Purpose: Intraoperative ultrasound (US) can enhance real-time visualization in transoral robotic surgery. The surgeon creates a mental map with a pre-operative scan. Then, a surgical assistant performs freehand US scanning during the surgery while the surgeon operates at the remote surgical console. Communicating the target scanning plane in the surgeon's mental map is difficult. Automatic image retrieval can help match intraoperative images to preoperative scans, guiding the assistant to adjust the US probe toward the target plane. Methods: We propose a self-supervised contrastive learning approach to match intraoperative US views to a preoperative image database. We introduce a novel contrastive learning strategy that leverages intra-sweep similarity and US probe location to improve feature encoding. Additionally, our model incorporates a flexible threshold to reject unsatisfactory matches. Results: Our method achieves 92.30% retrieval accuracy on simulated data and outperforms state-of-the-art temporal-based contrastive learning approaches. Our ablation study demonstrates that using probe location in the optimization goal improves image representation, suggesting that semantic information can be extracted from probe location.
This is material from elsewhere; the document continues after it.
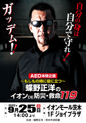 一般社団法人ニューワールドアワーズスポーツ救命協会代表理事で日本消防協会・消防応援団ならびに日本AED財団・AED大使を務める蝶野正洋さんが、9月25日(日)14:00より、イオンモール茨木1Fジョイプラザで、茨木市消防署協力のもと開催される『AED体験企画~もしもの時に役に立つ~蝶野正洋のイオンDE防災・救命119』に出演します(観覧無料)。是非、ご参加ください。

We also present our approach on real patient data to show the feasibility of the proposed US probe localization system despite tissue deformation from tongue retraction. Conclusion: Our contrastive learning method, which utilizes intra-sweep similarity and US probe location, enhances US image representation learning. We also demonstrate the feasibility of using our image retrieval method to provide neck US localization on real patient US after tongue retraction.

Paper Structure

This paper contains 5 sections, 3 equations, 5 figures, 3 tables.

Figures (5)

  • Figure 1: The proposed workflow of using image retrieval in US scanning guidance. The surgeon can select the target view, and our method will match the current US image to the most similar view in the database to indicate the current probe location and the desired probe motion. This can provide the US scanning guidance to the surgical assistant, without using an external tracking system during the surgery.
  • Figure 2: Summary of our intra-sweep training strategy. The image pairs are sampled from one US sweep and augmented to different views, and the image encoder will predict the frame embedding. The dot product of the embedding is used to evaluate the embedding similarity. A dustbin threshold is concatenated to the dot similarity to generate the final score matrix.
  • Figure 3: Example of the retrieved frames using our proposed method. The first four columns show correct retrievals and the last three columns show inaccurate matches.
  • Figure 4: Queries are samples from the post-retraction US, and the database is the pre-retraction US. The blue trajectory is the scanning trajectory in the pre-retraction scan, and the red dot is the localized probe location based on the image retrieval.
  • Figure 5: Illustration of the TORS guidance application. The US image is after tongue retraction, and the 3D patient model is extracted from pre-operative CT and aligned with the pre-operative 3D US. The segmentation (yellow: larynx cartilage, green: carotid, red: jugular vein) is roughly aligned with the 2D US.